The data must be copied over exactly and in full.

Data extracts |
++++

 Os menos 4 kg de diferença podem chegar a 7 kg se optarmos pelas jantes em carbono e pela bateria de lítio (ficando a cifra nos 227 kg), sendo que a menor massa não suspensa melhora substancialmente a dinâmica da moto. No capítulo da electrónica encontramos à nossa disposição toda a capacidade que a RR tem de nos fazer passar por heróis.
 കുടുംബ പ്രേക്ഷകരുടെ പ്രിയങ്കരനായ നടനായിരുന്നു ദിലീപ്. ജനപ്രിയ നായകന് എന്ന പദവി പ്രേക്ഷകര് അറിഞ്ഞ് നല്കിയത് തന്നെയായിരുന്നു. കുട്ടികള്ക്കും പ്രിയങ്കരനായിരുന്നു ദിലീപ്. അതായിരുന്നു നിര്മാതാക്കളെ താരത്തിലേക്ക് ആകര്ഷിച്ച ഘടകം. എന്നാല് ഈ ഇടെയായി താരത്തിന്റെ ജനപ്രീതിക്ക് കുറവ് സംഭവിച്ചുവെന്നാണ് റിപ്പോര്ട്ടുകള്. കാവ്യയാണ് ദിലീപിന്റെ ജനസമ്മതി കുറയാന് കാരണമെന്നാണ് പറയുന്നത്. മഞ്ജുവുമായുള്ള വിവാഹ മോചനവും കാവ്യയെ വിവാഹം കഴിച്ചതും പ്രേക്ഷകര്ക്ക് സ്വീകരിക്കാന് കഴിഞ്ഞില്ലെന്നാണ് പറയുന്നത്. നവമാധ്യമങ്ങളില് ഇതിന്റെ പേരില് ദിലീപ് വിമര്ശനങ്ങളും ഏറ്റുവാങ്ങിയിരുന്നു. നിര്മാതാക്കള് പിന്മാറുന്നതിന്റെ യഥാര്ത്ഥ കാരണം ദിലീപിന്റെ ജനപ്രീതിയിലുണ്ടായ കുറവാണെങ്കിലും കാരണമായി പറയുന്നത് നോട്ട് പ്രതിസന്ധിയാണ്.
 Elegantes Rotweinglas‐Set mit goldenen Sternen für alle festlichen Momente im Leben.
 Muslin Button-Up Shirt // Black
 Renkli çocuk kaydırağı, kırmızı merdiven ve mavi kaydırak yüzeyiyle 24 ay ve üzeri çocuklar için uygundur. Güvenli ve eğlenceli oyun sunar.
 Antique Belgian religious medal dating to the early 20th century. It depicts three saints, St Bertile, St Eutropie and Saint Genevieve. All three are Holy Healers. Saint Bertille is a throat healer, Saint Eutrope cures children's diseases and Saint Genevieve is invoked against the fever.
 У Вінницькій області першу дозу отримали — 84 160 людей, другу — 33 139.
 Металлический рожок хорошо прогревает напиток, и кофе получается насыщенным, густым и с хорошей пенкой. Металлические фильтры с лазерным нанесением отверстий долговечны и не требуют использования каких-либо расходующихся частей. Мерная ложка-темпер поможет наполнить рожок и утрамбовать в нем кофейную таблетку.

++++

Task solution |
 Os menos 4 kg de diferença podem chegar a 7 kg se optarmos pelas jantes em carbono e pela bateria de lítio (ficando a cifra nos 227 kg), sendo que a menor massa não suspensa melhora substancialmente a dinâmica da moto. No capítulo da electrónica encontramos à nossa disposição toda a capacidade que a RR tem de nos fazer passar por heróis.
 കുടുംബ പ്രേക്ഷകരുടെ പ്രിയങ്കരനായ നടനായിരുന്നു ദിലീപ്. ജനപ്രിയ നായകന് എന്ന പദവി പ്രേക്ഷകര് അറിഞ്ഞ് നല്കിയത് തന്നെയായിരുന്നു. കുട്ടികള്ക്കും പ്രിയങ്കരനായിരുന്നു ദിലീപ്. അതായിരുന്നു നിര്മാതാക്കളെ താരത്തിലേക്ക് ആകര്ഷിച്ച ഘടകം. എന്നാല് ഈ ഇടെയായി താരത്തിന്റെ ജനപ്രീതിക്ക് കുറവ് സംഭവിച്ചുവെന്നാണ് റിപ്പോര്ട്ടുകള്. കാവ്യയാണ് ദിലീപിന്റെ ജനസമ്മതി കുറയാന് കാരണമെന്നാണ് പറയുന്നത്. മഞ്ജുവുമായുള്ള വിവാഹ മോചനവും കാവ്യയെ വിവാഹം കഴിച്ചതും പ്രേക്ഷകര്ക്ക് സ്വീകരിക്കാന് കഴിഞ്ഞില്ലെന്നാണ് പറയുന്നത്. നവമാധ്യമങ്ങളില് ഇതിന്റെ പേരില് ദിലീപ് വിമര്ശനങ്ങളും ഏറ്റുവാങ്ങിയിരുന്നു. നിര്മാതാക്കള് പിന്മാറുന്നതിന്റെ യഥാര്ത്ഥ കാരണം ദിലീപിന്റെ ജനപ്രീതിയിലുണ്ടായ കുറവാണെങ്കിലും കാരണമായി പറയുന്നത് നോട്ട് പ്രതിസന്ധിയാണ്.
 Elegantes Rotweinglas‐Set mit goldenen Sternen für alle festlichen Momente im Leben.
 Muslin Button-Up Shirt // Black
 Renkli çocuk kaydırağı, kırmızı merdiven ve mavi kaydırak yüzeyiyle 24 ay ve üzeri çocuklar için uygundur. Güvenli ve eğlenceli oyun sunar.
 Antique Belgian religious medal dating to the early 20th century. It depicts three saints, St Bertile, St Eutropie and Saint Genevieve. All three are Holy Healers. Saint Bertille is a throat healer, Saint Eutrope cures children's diseases and Saint Genevieve is invoked against the fever.
 У Вінницькій області першу дозу отримали — 84 160 людей, другу — 33 139.
 Металлический рожок хорошо прогревает напиток, и кофе получается насыщенным, густым и с хорошей пенкой. Металлические фильтры с лазерным нанесением отверстий долговечны и не требуют использования каких-либо расходующихся частей. Мерная ложка-темпер поможет наполнить рожок и утрамбовать в нем кофейную таблетку.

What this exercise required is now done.